The TiO₂ photocatalyst doped with nitrogen was tested in the oxidation of acetone vapor under UV and visible light in the continuous-flow set-up to determine the steady-state photocatalytic activity and to investigate the effect of operational parameters on the activity. This continuous-flow set-up was previously successfully employed for the investigation of various photocatalytic materials and target pollutants [1], [2], [3], [4]. The set-up had the gas purification unit to remove particles, CO₂, water vapor, and volatile organic compounds traces from air. The purified air flow was divided into three flows. Two flows were saturated with water and acetone vapor, respectively. Then, all the flows were mixed.
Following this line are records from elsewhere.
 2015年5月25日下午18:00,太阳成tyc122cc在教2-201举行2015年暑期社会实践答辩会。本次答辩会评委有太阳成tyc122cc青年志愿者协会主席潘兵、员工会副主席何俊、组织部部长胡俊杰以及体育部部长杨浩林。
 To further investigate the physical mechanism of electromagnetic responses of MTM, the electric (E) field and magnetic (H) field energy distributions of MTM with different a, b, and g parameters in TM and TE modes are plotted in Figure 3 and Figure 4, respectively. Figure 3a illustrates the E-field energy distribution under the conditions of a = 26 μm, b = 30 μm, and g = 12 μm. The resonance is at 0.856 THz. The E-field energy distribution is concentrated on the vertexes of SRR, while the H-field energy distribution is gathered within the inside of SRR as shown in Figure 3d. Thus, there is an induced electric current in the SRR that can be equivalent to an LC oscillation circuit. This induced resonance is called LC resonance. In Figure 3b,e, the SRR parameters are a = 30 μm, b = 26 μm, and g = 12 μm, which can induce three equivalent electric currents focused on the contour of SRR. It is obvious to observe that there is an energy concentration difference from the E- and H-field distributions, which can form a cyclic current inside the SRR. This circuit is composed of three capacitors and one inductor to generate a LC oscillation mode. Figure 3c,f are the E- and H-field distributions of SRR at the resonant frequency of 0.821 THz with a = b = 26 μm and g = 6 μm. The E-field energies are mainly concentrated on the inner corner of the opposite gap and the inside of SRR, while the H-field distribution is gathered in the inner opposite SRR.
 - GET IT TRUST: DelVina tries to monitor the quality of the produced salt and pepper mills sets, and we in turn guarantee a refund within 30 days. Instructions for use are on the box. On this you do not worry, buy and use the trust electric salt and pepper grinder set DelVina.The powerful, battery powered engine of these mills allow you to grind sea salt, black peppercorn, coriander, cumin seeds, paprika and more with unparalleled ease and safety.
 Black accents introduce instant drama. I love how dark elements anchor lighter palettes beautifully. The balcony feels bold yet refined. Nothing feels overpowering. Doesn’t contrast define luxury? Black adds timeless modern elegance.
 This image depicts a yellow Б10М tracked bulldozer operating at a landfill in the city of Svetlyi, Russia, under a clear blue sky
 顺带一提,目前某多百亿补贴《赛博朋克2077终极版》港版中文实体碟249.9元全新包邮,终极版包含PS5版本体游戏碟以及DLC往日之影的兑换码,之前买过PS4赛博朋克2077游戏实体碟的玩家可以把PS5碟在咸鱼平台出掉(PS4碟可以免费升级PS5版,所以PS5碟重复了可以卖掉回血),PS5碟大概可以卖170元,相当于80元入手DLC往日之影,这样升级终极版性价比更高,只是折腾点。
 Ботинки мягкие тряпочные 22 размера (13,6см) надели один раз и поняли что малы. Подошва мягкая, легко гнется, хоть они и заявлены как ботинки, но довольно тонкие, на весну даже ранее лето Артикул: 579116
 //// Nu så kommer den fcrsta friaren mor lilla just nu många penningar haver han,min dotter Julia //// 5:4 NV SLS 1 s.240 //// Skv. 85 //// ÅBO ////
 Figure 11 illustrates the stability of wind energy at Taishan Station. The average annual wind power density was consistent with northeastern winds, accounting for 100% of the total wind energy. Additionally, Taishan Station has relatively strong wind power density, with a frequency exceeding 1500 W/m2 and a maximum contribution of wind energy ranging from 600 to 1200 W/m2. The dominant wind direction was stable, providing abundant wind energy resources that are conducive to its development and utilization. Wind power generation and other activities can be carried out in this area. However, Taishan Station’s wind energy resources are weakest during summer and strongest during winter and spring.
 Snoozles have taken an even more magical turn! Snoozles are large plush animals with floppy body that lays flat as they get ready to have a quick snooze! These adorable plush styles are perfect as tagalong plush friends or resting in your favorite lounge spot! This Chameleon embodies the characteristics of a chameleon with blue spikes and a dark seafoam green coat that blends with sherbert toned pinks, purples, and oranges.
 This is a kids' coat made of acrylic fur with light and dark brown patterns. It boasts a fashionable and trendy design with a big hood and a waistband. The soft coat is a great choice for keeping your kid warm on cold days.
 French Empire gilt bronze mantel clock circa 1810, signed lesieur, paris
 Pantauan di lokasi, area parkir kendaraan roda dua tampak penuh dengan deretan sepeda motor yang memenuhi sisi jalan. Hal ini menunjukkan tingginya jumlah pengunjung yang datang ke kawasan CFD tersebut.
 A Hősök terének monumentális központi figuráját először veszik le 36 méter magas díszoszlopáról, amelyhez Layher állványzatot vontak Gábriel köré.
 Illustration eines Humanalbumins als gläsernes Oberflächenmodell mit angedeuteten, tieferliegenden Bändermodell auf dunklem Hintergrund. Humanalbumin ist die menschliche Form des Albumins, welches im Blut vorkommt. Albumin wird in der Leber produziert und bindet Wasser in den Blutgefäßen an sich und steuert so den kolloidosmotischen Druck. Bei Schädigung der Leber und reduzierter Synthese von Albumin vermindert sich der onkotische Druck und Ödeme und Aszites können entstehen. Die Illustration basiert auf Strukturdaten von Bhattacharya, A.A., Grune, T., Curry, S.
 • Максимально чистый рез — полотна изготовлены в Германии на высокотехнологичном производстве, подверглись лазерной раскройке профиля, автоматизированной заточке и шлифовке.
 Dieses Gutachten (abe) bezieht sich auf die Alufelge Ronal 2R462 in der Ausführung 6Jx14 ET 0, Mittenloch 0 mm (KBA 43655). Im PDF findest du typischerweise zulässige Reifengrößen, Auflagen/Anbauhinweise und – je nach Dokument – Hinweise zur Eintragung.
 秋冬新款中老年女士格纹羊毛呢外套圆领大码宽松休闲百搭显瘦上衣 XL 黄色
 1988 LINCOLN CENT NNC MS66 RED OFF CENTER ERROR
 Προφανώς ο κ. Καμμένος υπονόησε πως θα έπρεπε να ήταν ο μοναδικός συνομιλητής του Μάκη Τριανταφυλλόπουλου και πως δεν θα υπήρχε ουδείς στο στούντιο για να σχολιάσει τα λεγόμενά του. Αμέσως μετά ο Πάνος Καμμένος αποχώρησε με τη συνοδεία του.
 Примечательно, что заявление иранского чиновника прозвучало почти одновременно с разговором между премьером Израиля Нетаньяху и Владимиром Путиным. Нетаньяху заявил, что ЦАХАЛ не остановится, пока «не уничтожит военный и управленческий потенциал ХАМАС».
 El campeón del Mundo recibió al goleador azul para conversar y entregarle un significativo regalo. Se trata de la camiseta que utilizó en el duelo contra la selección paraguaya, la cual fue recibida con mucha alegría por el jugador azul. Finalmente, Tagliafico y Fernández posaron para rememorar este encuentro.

The total volume rate, humidity, and concentration of acetone vapor in the reaction mixture was adjusted by the rate for each flow. The N-doped TiO₂ photocatalyst was prepared via a precipitation method using titanyl sulfate as a titanium precursor and ammonium hydroxide as a precipitating agent, as well as a source of nitrogen. The synthesized photocatalyst was deposited on a 9 cm² glass plate from an aqueous suspension and placed into the photoreactor. The surface density of photocatalyst on the glass plate was varied from 0.6 to 5.7 mg/cm². The set-up had a special valve system that allows for analyzing the inlet and outlet reaction mixtures alternately using an FTIR spectrometer FT-801 from Simex LLC (Russia) equipped with a long-path IR gas cell (Infrared Analysis Inc., USA). During the analysis of inlet (10 min), the gas from a mixing chamber flows firstly through the IR cell and then goes to the photoreactor. In the case of outlet analysis (10 min), the gas flows through the photoreactor and then through the IR cell. The other experimental parameters were as follows: the reactor temperature is 40.0 ± 0.1°С, the volume flow rate is 0.069 ± 0.001 L/min.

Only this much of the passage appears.